$$3x_{1} - x_{2} + x_{3} = 1,$$ $$3x_{1} + 6x_{2} + 2x_{3} = 0,$$ $$3x_{1}+3x_{2}+7x_{3} = 4$$
So, from this I got T = \begin{bmatrix} 0 & \frac{-1}{3} & \frac{1}{3} \\[0.3em] \frac{1}{2} & 0 & \frac{1}{3} \\[0.3em] \frac{3}{7} & \frac{3}{7} & 0 \end{bmatrix} $C= [-1/3, 0, -4/7]$
Then, I got $x_{1}^1 = 0.33$, $x_{2}^1 = 0, x_{3}^1 = -0.57$ and $x_{1}^2 = 0.33, x_{2}^2 = 0.833, x_{3}^2 = 0.142$
But, the answer in the book is $(0.1428571, -0.3571429, 0.4285714)$. Did I do something wrong? I am confused here. Can someone please help me understand this? Thanks.
First iteration:
$$0.333333, \text{ }0.,\text{ }0.571429$$
Second iteration:
$$0.142857,\text{ }-0.357143\text{ },0.428571$$
So, it looks like somehow the sign of your $x_3$ on the first iteration got corrupted.
We rewrite the system as:
$$x_1 = \dfrac{1}{3} x_2 -\dfrac{1}{3}x_3 + \dfrac{1}{3} \\ x_2 = -\dfrac{1}{2}x_1 + 0 x_2 - \dfrac{1}{3}x_3 \\ x_3 = - \dfrac{3}{7}x_1 - \dfrac{3}{7}x_2 + \dfrac{4}{7}$$
Initial start point: $x^{(0)} = (x_1, x_2, x_3) = (0,0,0)$.

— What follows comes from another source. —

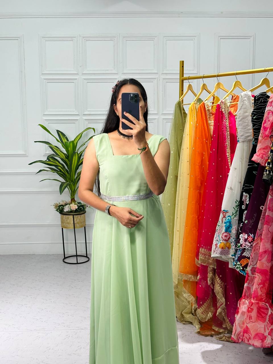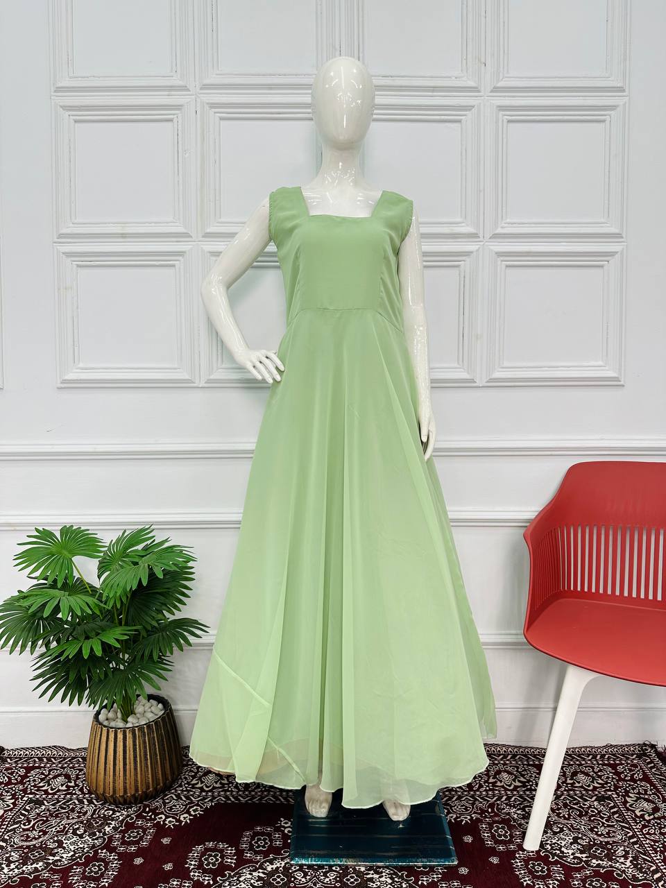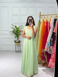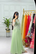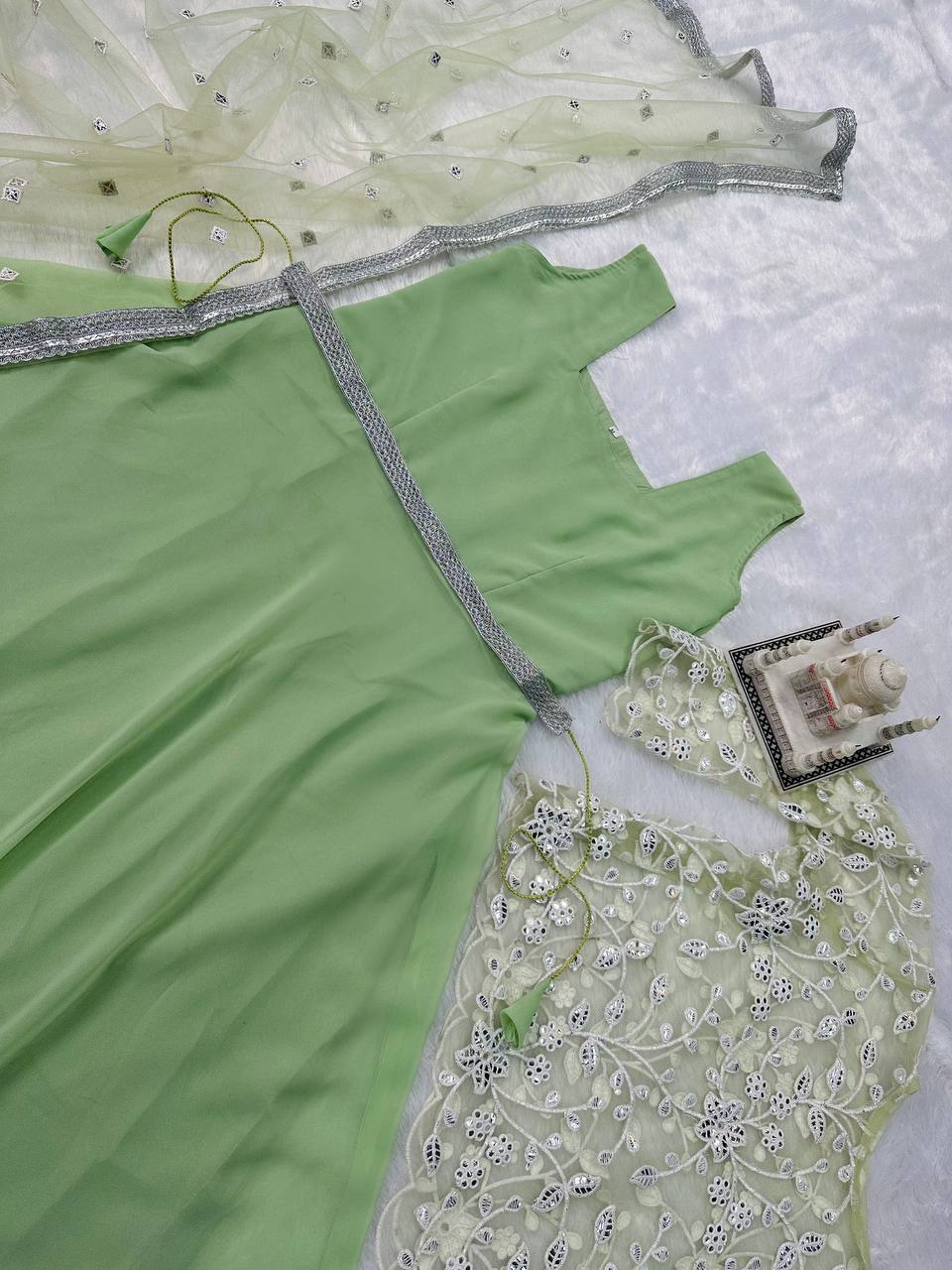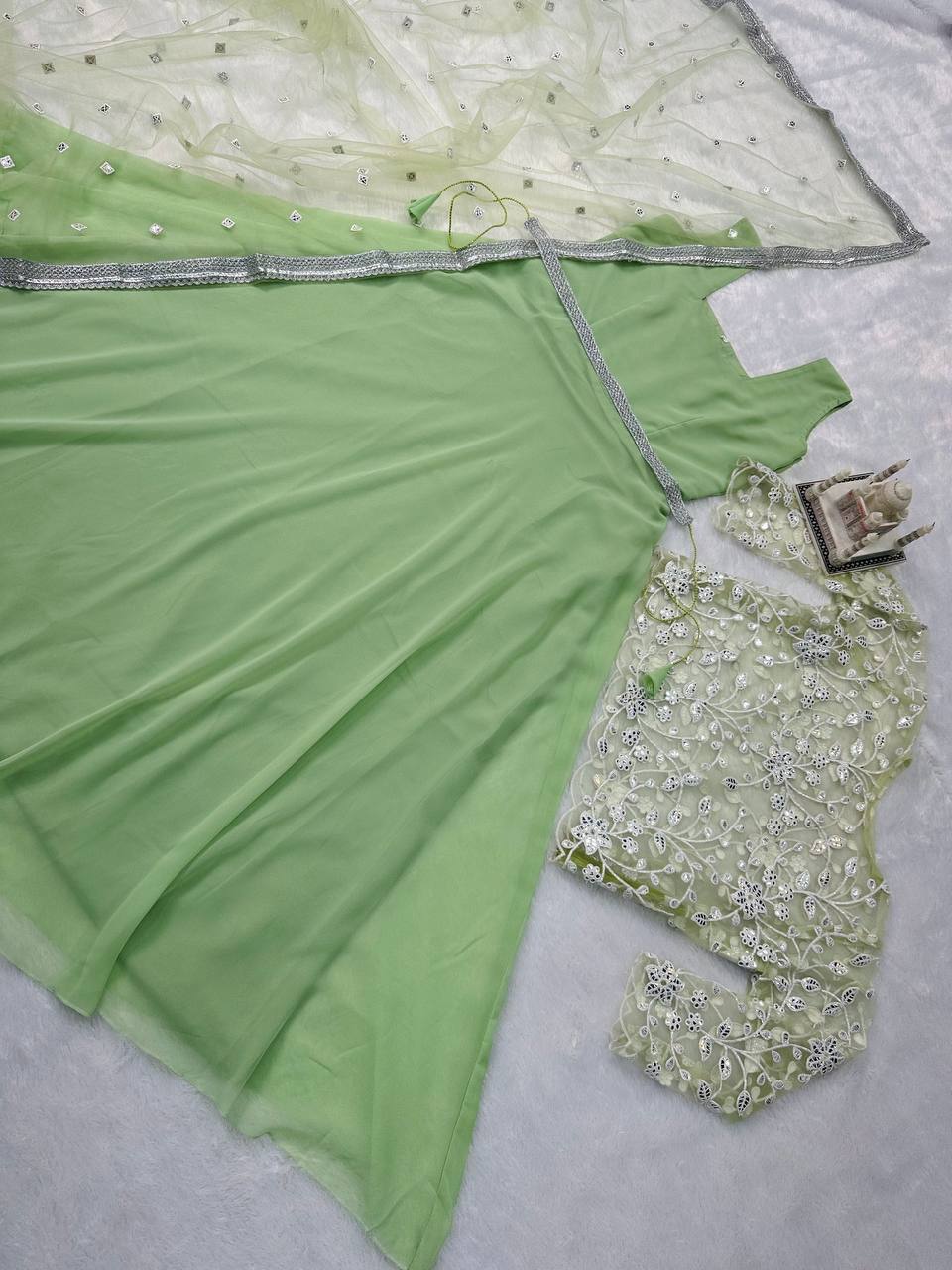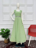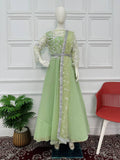 Embroidered Faux Georgette Gown with Net Dupatta and Koti

First iteration (substitute $x^{(0)}$ into the system to find the next set of values):
$$x_1 = 0 + 0 + \dfrac{1}{3}, x_2 = 0 + 0 + 0, x_ 3 = 0 + 0 +\dfrac{4}{7}$$
Now, you try the second iteration, just substitute the first iterations values into the three equations.